Ron’s been telling me about his life over the last forty years, the hitchhiking trips, the Rainbow Gatherings, his careers as a lab tech, a bike messenger and finally as a stagehand, the bands he played with, the cross-country journeys to art shows, weddings and funerals.

It occurred to me that he could have done all of that, and possibly more, if he, Peter and I had been a family.   Well, maybe not the art shows, but certainly the rest of it.

The only thing that would have been missing were hallucinogenics and nukkie from any post-1969 members of the harem listed above.

Only Ron can tell me and Peter if it was worth it to give up a wife who was working steady and more importantly, helping his son grow up.
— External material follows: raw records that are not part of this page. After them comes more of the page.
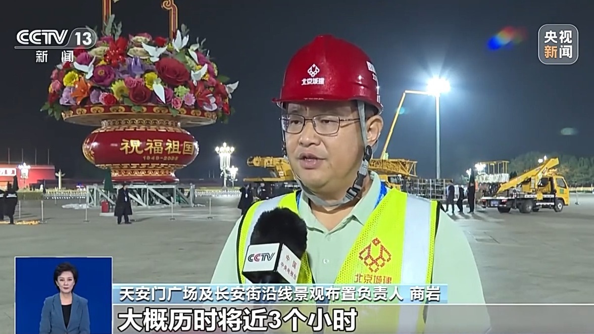天安門廣場(chǎng)及長(zhǎng)安街沿線景觀布置負(fù)責(zé)人 商巖:從吊裝準(zhǔn)備工作開始,一直到吊裝完成,大概歷時(shí)將近3個(gè)小時(shí)。保證籃盤和籃體的緊密結(jié)合,因?yàn)榛ɑ@在插置的過程中有一個(gè)觀賞角度,所以在吊裝和合龍整個(gè)過程當(dāng)中,四面相應(yīng)的觀賞面都要有工作人員要盯著,這個(gè)面不能有任何的變化。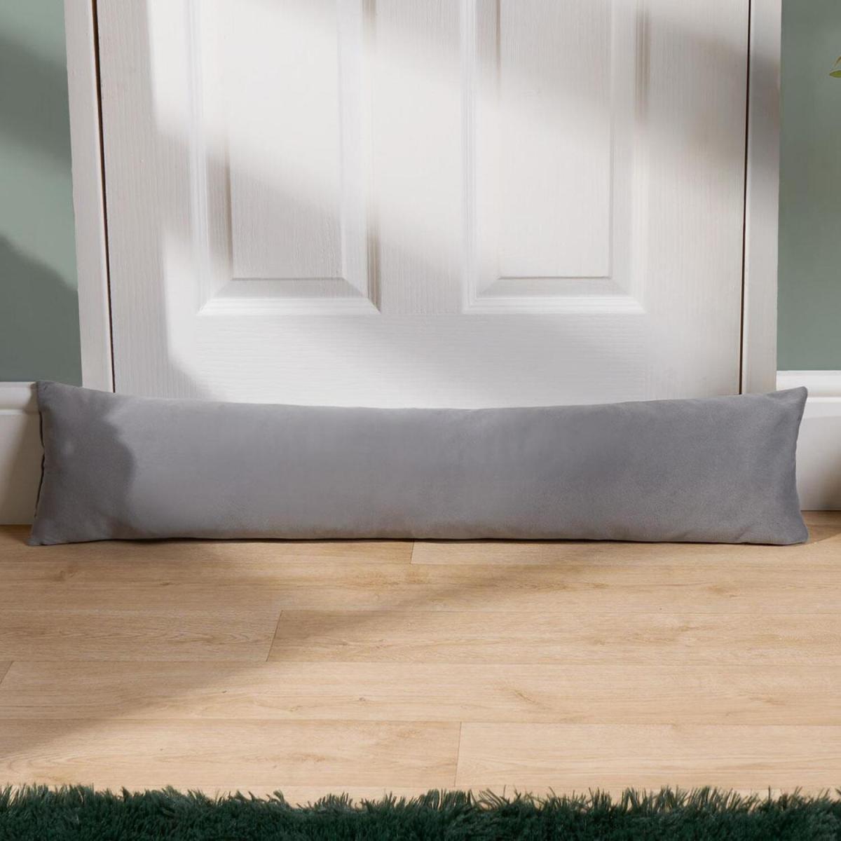 Matte Velvet Door Draught Excluder Draft Insulator - Light Grey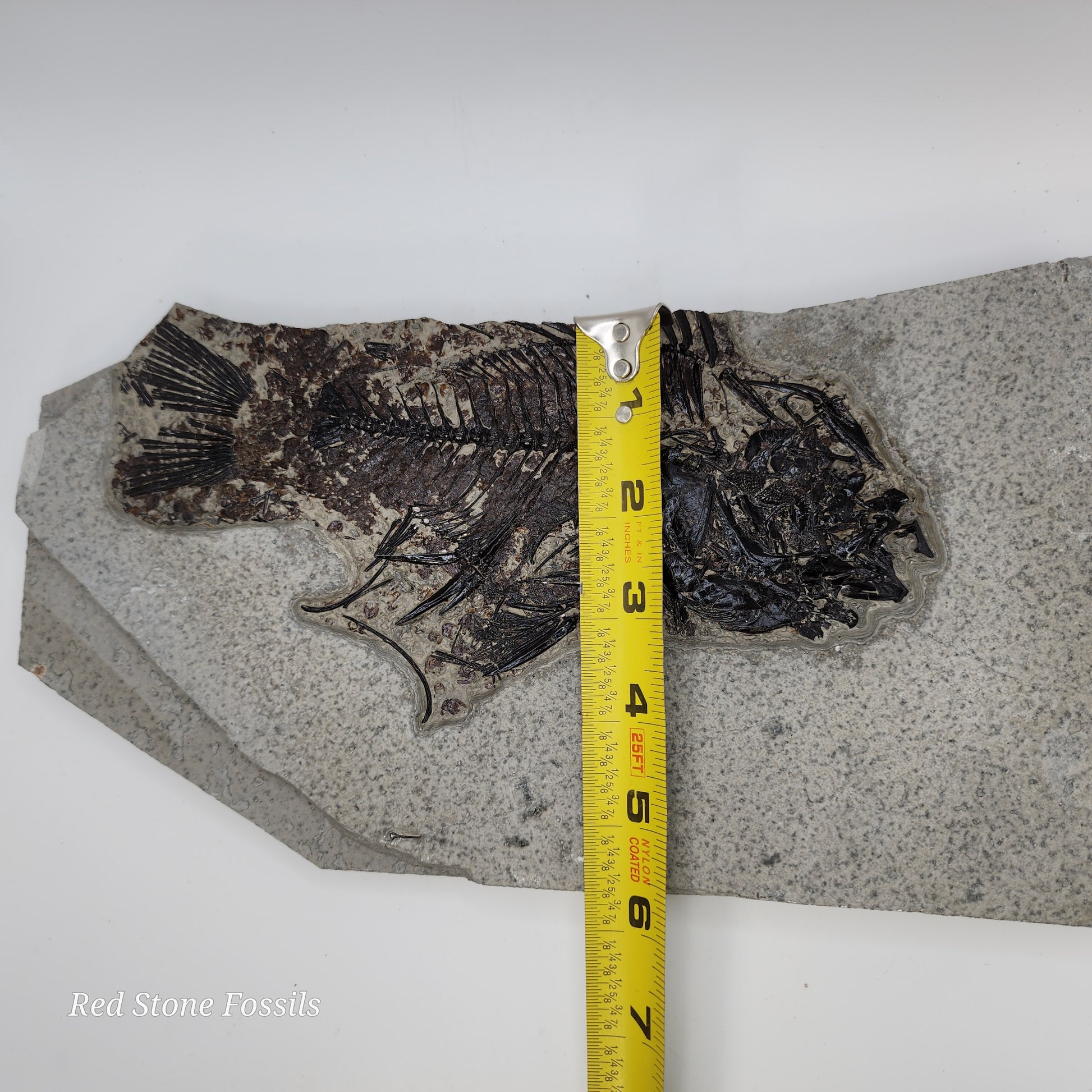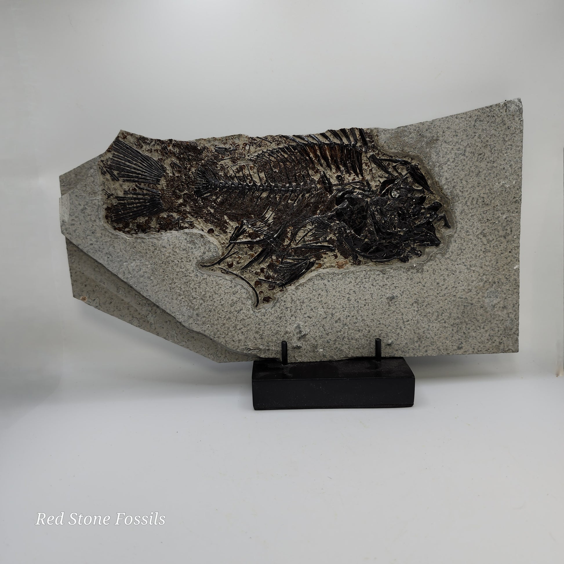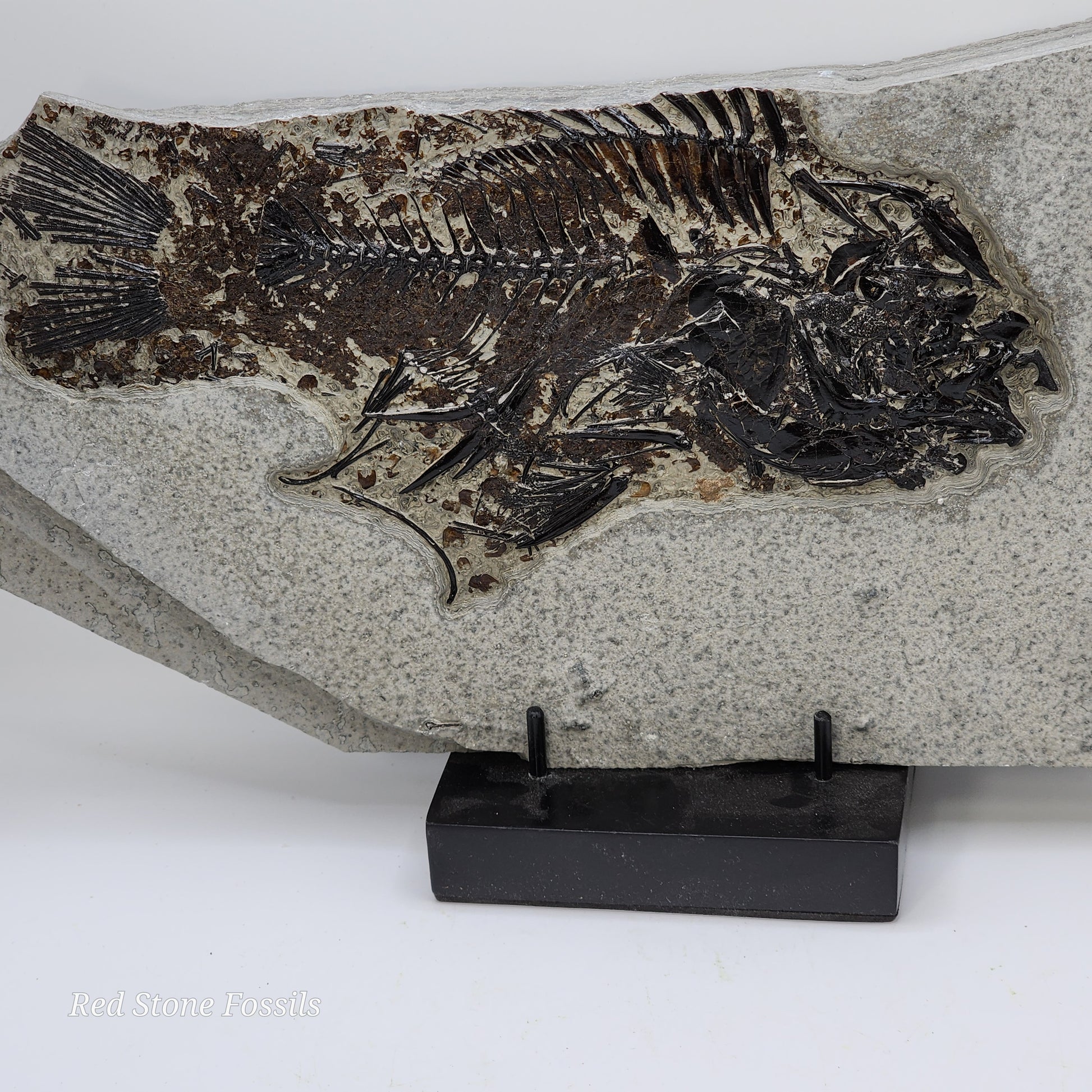 Look at this beautiful and detailed Priscacara Serrata from Green River Wyoming. Its time in its matrix has caused an explosion of fossil and scales yielding the gorgeous piece you see here. Unfortunately, upon extraction its top fins were lost. Even still, the recovered specimen has retained most all of its detail and thick fossilized bone. This piece has an eye catching deep black color and still holds the shape it held in life. Pair with our Septarian spheres for an amazing fossil display.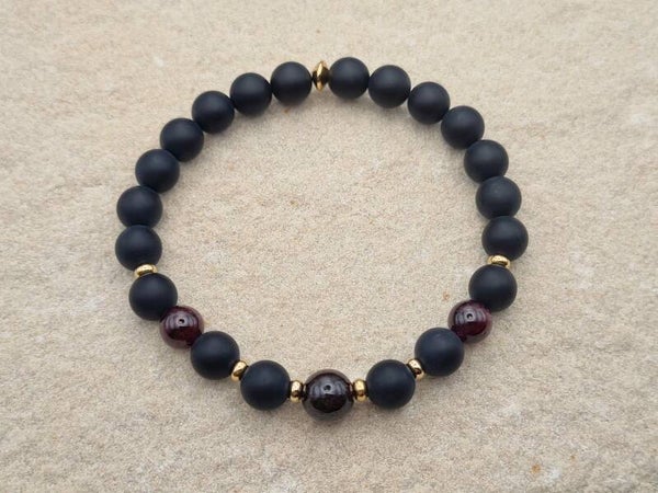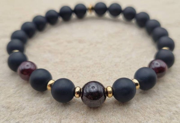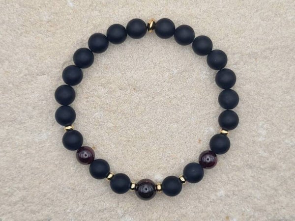 Ein exklusives Armband mit matten Edelsteinperlen aus schwarzem Onyx und drei dunkelroten Granate, sowie Zwischenperlen aus 24-Karat vergoldeten Edelstahlringen. "Made with Love" in unserer Werkstatt in Dortmund.

Myself, I can’t imagine that either the sex or the acid were that great.  But I could be wrong.

This past week has thrown me off balance.  Ron is thoughtful and easy to live with, but I need to adjust to another person in ways I hadn’t expected.  Like not driving myself and, thus, losing track of my keys because they are not in the ignition.  Like waking up with aches and pains because my legs and arms have been in awkward positions, making room for another person in bed.

These are things that no one tells you about, focusing instead on heavy issues like money, childrearing, religion.

All in all, though, I’m glad that we caught up with one another.

I do deeply and profoundly regret, though, that it took so long.  And it deeply hurts my heart that I have so little to offer compared to all the girls he’s loved before:  no artfully decorated house in a prestigious neighborhood, no 50-acre farm with a glorious barn, no tiny body, no exquisite face, no wealth, no worldly stories about international travel.

I feel like he cheated himself by marrying me.  I feel like he’s been ripped off yet one more time.  Poor fellow.